%%

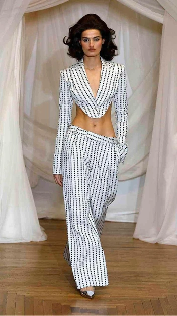 О тренде «офисных сирен» заговорили зимой этого года: девушки сексуализируют строгие брючные костюмы в полоску и придают им чувственный подтекст. Тенденцию задала Белла Хадид, появившись на улицах Нью-Йорка в узких «офисных» рубашках с открытым декольте и очками прямоугольной формы. Sergio Hudson и LaQuan Smith тоже поэкспериментировали с популярным трендом и показали, что жить он будет как минимум еще год (читайте также: Офисная сирена: как повторить самый чарующий тренд этого года — 20 бесподобных идей).
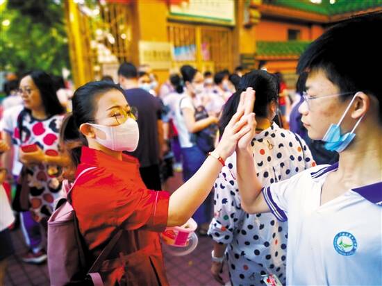 今早,广州市第十三中学门前,击掌鼓劲 羊城晚报记者 陈辉 摄
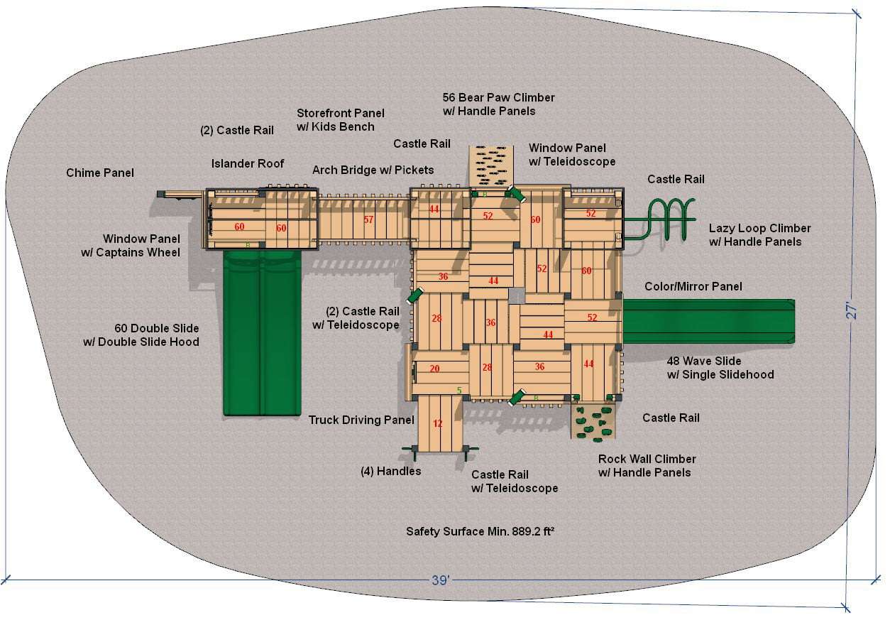 Children will embark on endless adventures with features like a Rock Wall Climber, Bear Paw Climber, Lazy Loop Climber, and an Arch Bridge with Pickets. The excitement continues with a Double Slide and a Wave Slide! Additional elements such as a Chime Panel, Truck Driving Panel, Window Panels, Teleidoscopes, Castle Rails, and an Islander Roof ensure every child has something to explore.

%%

Give again, word for word, every line from the top of the data above to the line holding "今早,广州市第十三中学门前,击掌鼓劲 羊城晚报记者 陈辉 摄", inclusive, with the pictures left out.

 О тренде «офисных сирен» заговорили зимой этого года: девушки сексуализируют строгие брючные костюмы в полоску и придают им чувственный подтекст. Тенденцию задала Белла Хадид, появившись на улицах Нью-Йорка в узких «офисных» рубашках с открытым декольте и очками прямоугольной формы. Sergio Hudson и LaQuan Smith тоже поэкспериментировали с популярным трендом и показали, что жить он будет как минимум еще год (читайте также: Офисная сирена: как повторить самый чарующий тренд этого года — 20 бесподобных идей).
 今早,广州市第十三中学门前,击掌鼓劲 羊城晚报记者 陈辉 摄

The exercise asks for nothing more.